Verizon's proposed plan to co-market services with four cable companies presents "serious competition concerns," the head of the Senate antitrust subcommittee said on Thursday.
"It is crucial that your agencies examine the competitive implications of these marketing agreements," Sen. Herb Kohl (D-Wisc.) wrote in a letter to the Federal Communications Commission and the Department of Justice. "It is particularly important that you ensure both that consumers will reap the benefits of vigorously competing wireless carriers."
Verizon's alliance with four cable companies -- Comcast, Cox, Time Warner and BrightHouse Networks -- calls for the telecom to pay almost $4 billion to license spectrum from the cable providers. The companies also will enter into joint marketing agreements.
The deals, announced last December, still await regulatory approval.
Even though the authorities haven't signed off on the spectrum transfer, Verizon and Comcast recently started co-marketing their services in Seattle, Portland and the San Francisco area.
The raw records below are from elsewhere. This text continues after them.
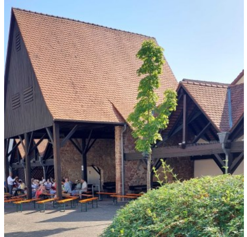
Der Kirchenchor probt in der Heddesheimer Scheunengalerie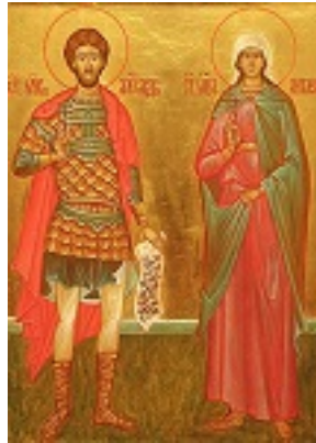
Άγιοι Αλέξανδρος και Αντωνίνα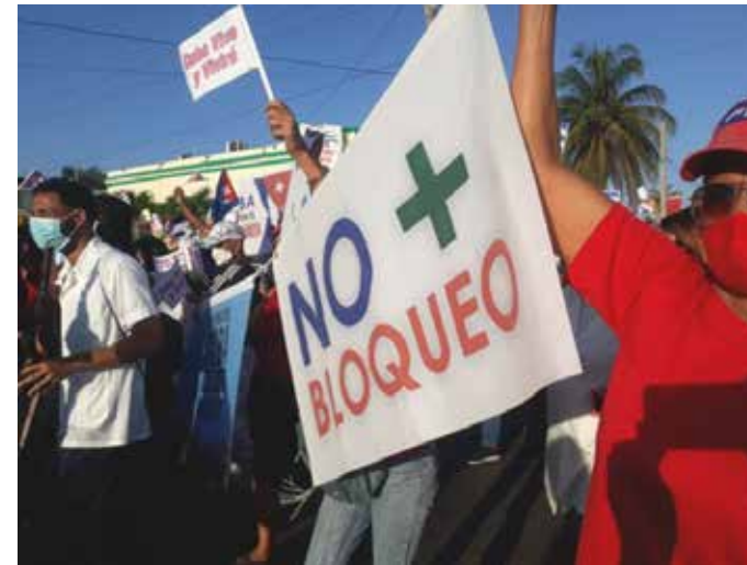
Y fue realidad el voto de los habitantes de Matanzas de realizar el mejor desfile de la historia por el Primero de Mayo.

The companies are offering a quadruple-play deal that allows consumers who sign up for Comcast's Xfinity TV bundle and Verizon's mobile phone service to receive a $300 prepaid Visa debit card.
The spectrum deal has drawn criticism from consumer advocates, as well as Verizon's rivals like Sprint and T-Mobile. The opponents contend that the deal can harm consumers, especially if Verizon and the cable companies stop competing to offer faster or cheaper broadband service. Verizon's recent decision to stop expanding its FiOS network is adding fuel to that fear.
Kohl shares some of those concerns. "Spectrum acquisitions can be a strategic tool employed by dominant wireless carriers to entrench their market position and suppress competition," he states in his letter. "There is real concern these agreements transform Verizon and the cable companies from fierce competitors into business partners because they lessen the incentive for Verizon and the cable companies to compete aggressively against the other, particularly in the markets where Verizon has deployed FiOS."
The FCC currently is seeking information about the proposed deal, but has not yet stated its position on whether the plan should go through.
Verizon recently offered to sell some spectrum it currently controls in exchange for regulatory approval. That offer sparked new inquiries by the FCC, which last week asked Verizon to describe why its offer to sell spectrum should be contingent on approval of its deal with cable companies.
Advocacy group Public Knowledge cheered Kohl's move on Thursday.
Kohl "correctly perceives the dangers of large companies accumulating spectrum resources to strengthen their own market position and hurt competition," Gigi Sohn, president and CEO, stated.
But Net Competition, a group that includes cable companies and telecoms, says the Verizon-cable deal will increase competition. "It puts unused spectrum to work," the organization stated. "And it eliminates no competitor or competition."